Saturday, June 24, 2006

A Mystery to Me

One little mistake that I'm still paying for happened four years ago. I bought ten 10 cent feeder fish to toss into my first 160 gallon pond. I had never really been involved with fish before, except one day when I was staying at my sister's place decades go.

It was one of those fated situations... All alone in her place, I suddenly heard rushing water. It was her 100 gallon aquarium bursting at the seams. The event's haunting memories turned me off to ever wanting an aquarium larger than a fish bowl that I could carry to the sink and back. The sound of glass splitting and water gushing was forever etched in my memory.

Back to four years ago again. At the time, I figured a batch of one inch long feeder goldfish in a little plastic pond might be fun. This was the mistake that brought four years of hard lessons in every way I could think of. It would have been easier to just let nature and raccoons take their course. But I couldn't do that.

During the summer, racoons managed to snack on six of the ten goldfish behind my back. Left with four that had now grown to four inches, I bought a 50 gallon aquarium to raise the four fish indoors - predator problem solved.

Within six months, two goldish began growing whiskers. As babies they were much smaller than then other two goldfish (thus the creative name - "The Runts"). But now my whiskered Runts were at least double the size of their two tank mates.

I called my sister the fish expert of decades ago to ask what kind of goldfish grow whiskers? I told her I was sure they were goldfish because the aquarium store guy told me they were.

She decided it certainly was a weird situation and that maybe I had two mutant goldfish. That sounded kinda fun and I was up for the adventure. I looked forward to watching my mutant goldfish develop, especially to see what other odd traits they might take on.

But within a year, I realized from photos on the web my whiskered two weren't goldfish at all but were Koi! Not only were they much bigger than the other two, they also never mingled with them.

Koi and goldfish both claimed their own side of the aquarium - the Koi growing noticeably from week to week and looking kinda mean, like they needed a gang to join real soon. The once spacious 50 gallon tank was now too crowded for four. So off to the plastic pond outdoors went the Koi...again.

Back to the original problem of the raccoons using them as appetizers. I discovered netting worked well. Coons don't like to get their fingers stuck in things. So I netted everything within two yards of the little pond. I used pond netting and bird netting. I netted the pond surface, the sides of the pond, and for good measure, draped another net from the eaves of my house. And I still worried the racoons would outsmart me.
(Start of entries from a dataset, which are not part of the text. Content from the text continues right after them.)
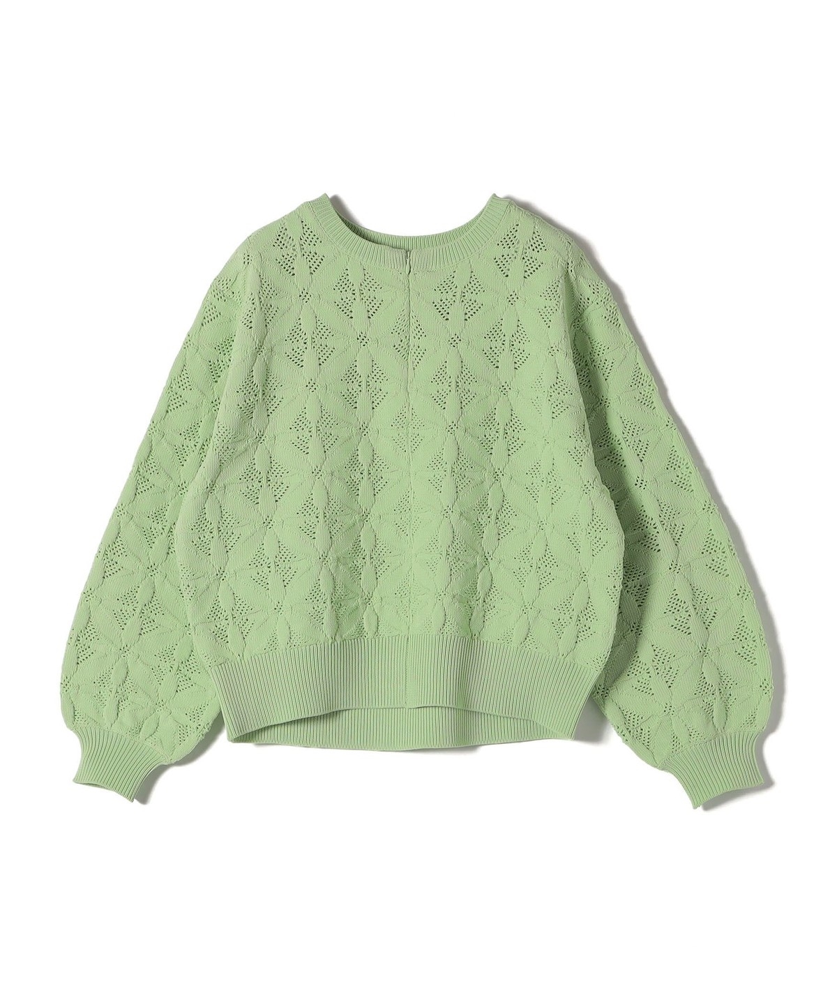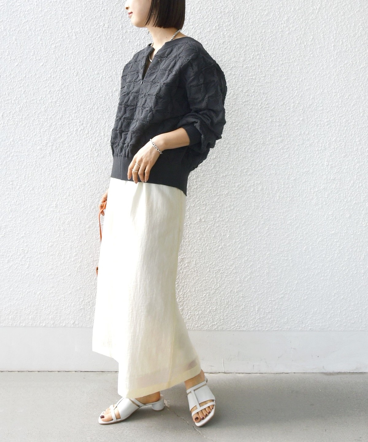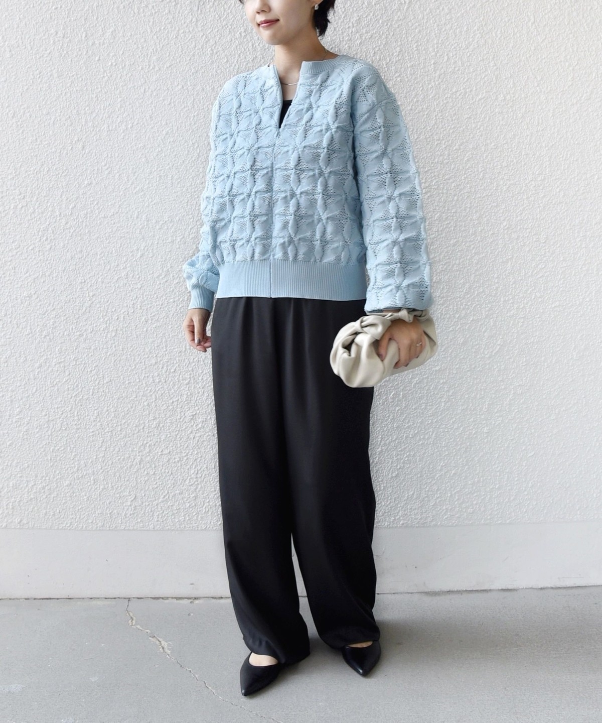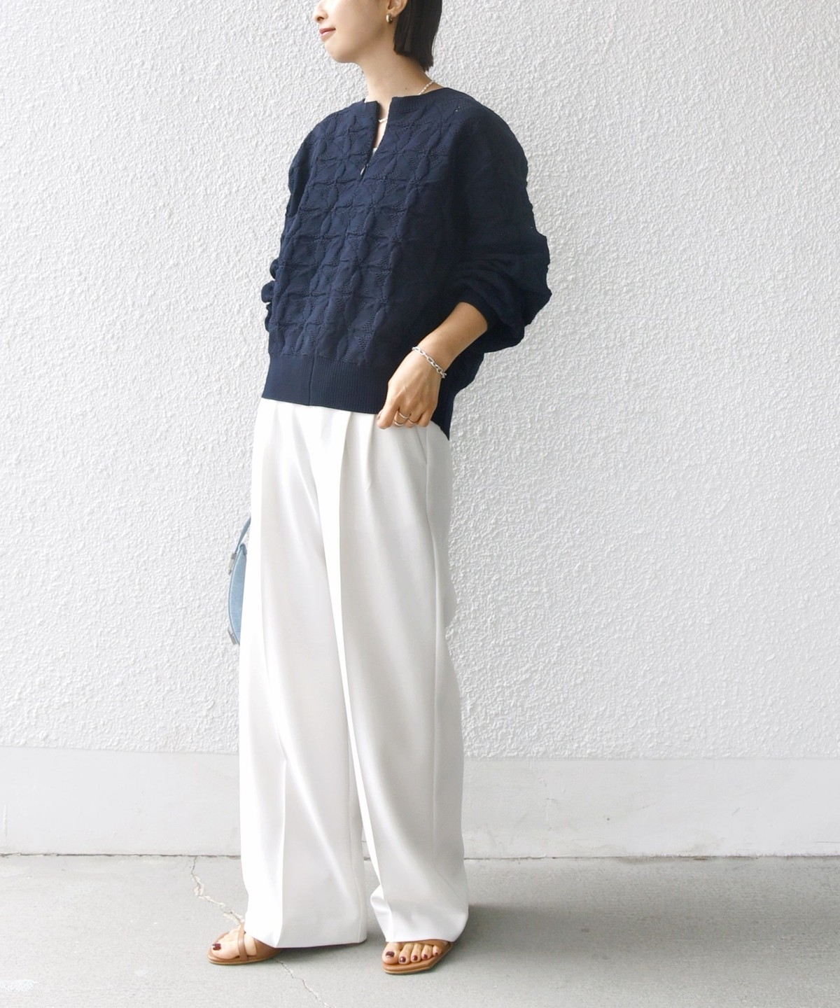 お花モチーフが春らしく、ニットならではの表面感で大人っぽい雰囲気に仕上がっています。
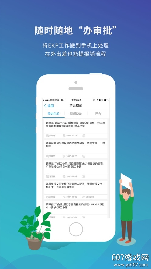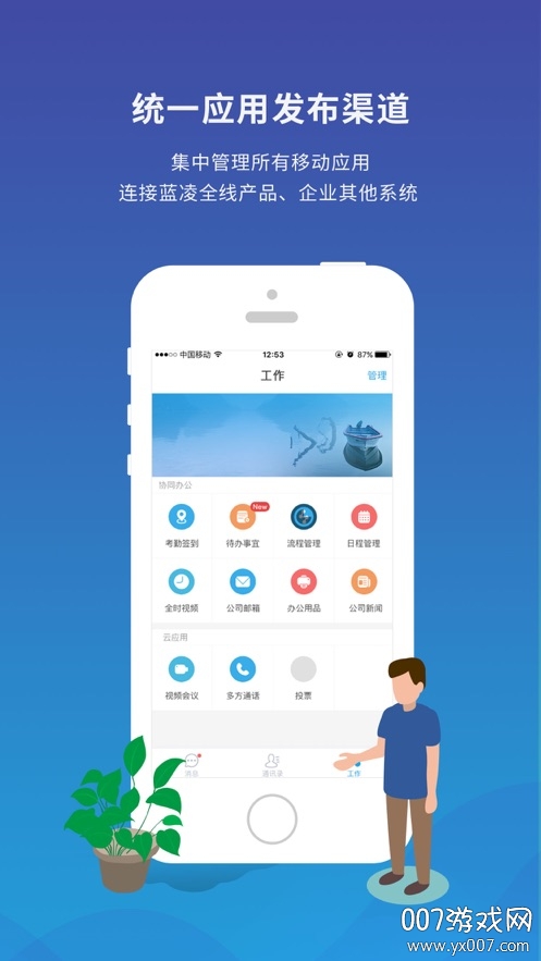 【移动办公】通过和企业现有的IT对接,重新定义移动化使用场景,快速实现移动办公,支持流程审批、任务分配等核心办公功能;
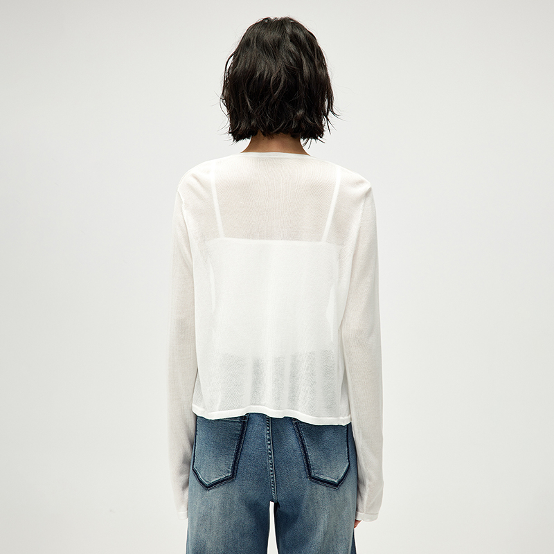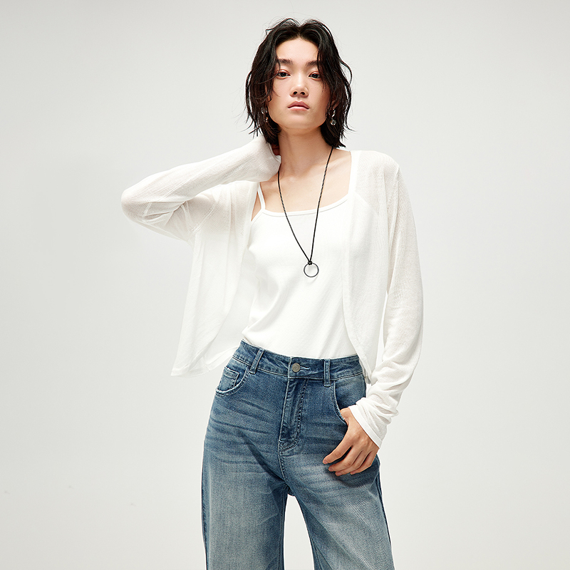 HLA/海澜之家微弹轻薄针织开衫2025春夏季新款天丝空调衫毛衣女装
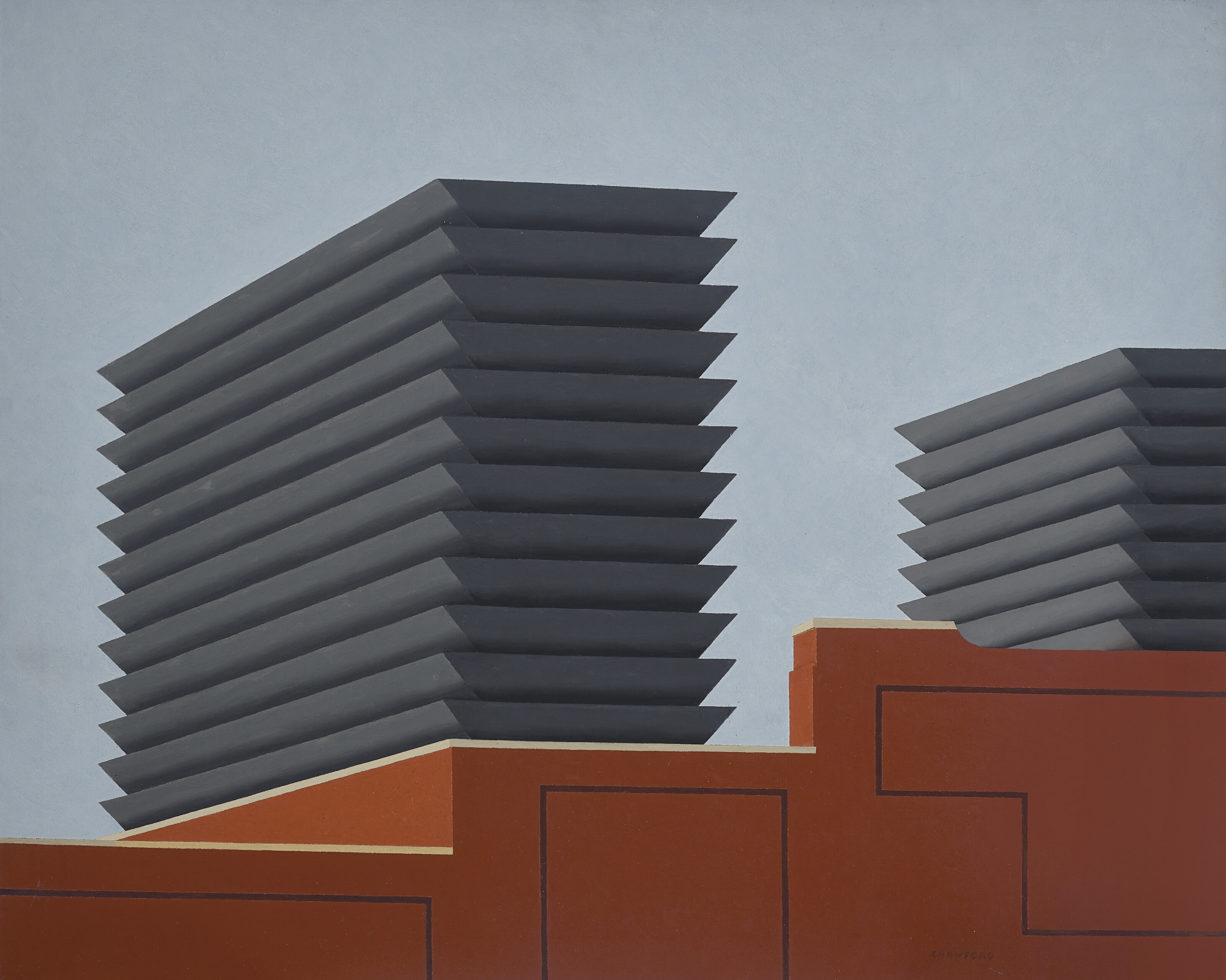The Precisionists were not an organised movement but a group of like-minded individuals who sought to depict, through soft, precise brushwork, the sleek lines and flat, hard-edged forms of the new industrial landscape. Among them were the painters Charles Sheeler, Ralston Crawford, Charles Demuth, George Ault, Joseph Stella, Elsie Driggs and Morton Schamberg. These painters echoed the anonymity of the city by hiding their personalities from the viewer. They created a new form of art that was cool, detached and powerfully atmospheric. While primarily associated with urban imagery, Precisionist artists would also apply the same minimal approach to still-lifes or rural landscapes and interiors.
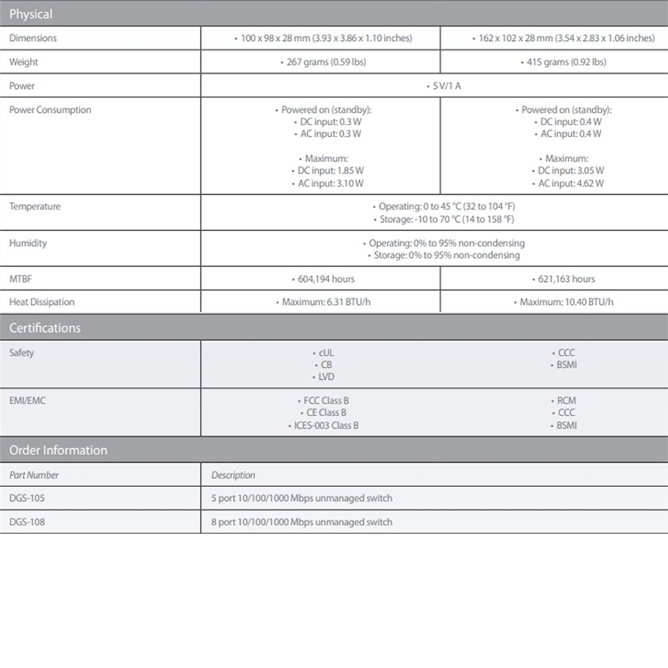 連接埠數量/介面: 8埠10/100/1000 BASE-T
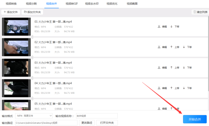 第六步:点击“视频合并”按钮把软件列表的视频从上到下依次合并视频。合并好后只需到之前预设的输出路径找到文件即可。

Visions of "trailer trash" came to mind every time I went out back. Just to feed the Runts was a daily fight to get through poles precariously perched by gravity, tangled nets getting stuck on my shirt buttons and fingernails, and tripping over some obstacle I'd put out for the coons but had forgotten about.

It was chaos of the first order and all that I considered temporary but necessary to keep my Runts safe. I'd worry about aesthetics later. In the meantime, God forbid should anyone come over to see this mess.

These 10 cent fish were taking a huge chunk of time, money, and energy. But it became my mission in life to keep the Runts safe, healthy, and happy. I began to feel I was protecting royalty, these whiskered non goldfish.

My now junked up backyard and pond at least was protected from coons, herons, 'possums, and feral cats. By this time, my cat Bobby was as wary of the Runts as I was. I'd heard Koi have teeth and maybe Bobby knew something that I didn't. I needed more information. He steered cleared of them and always ran past the little pond, looking back just long enough to see if they were nipping on his heels.

More later on the even newer pond and what's so cute about Koi babies and Minnow babies growing up together, especially when for four years I though my two Koi were both girls. Nature solved that mystery for me.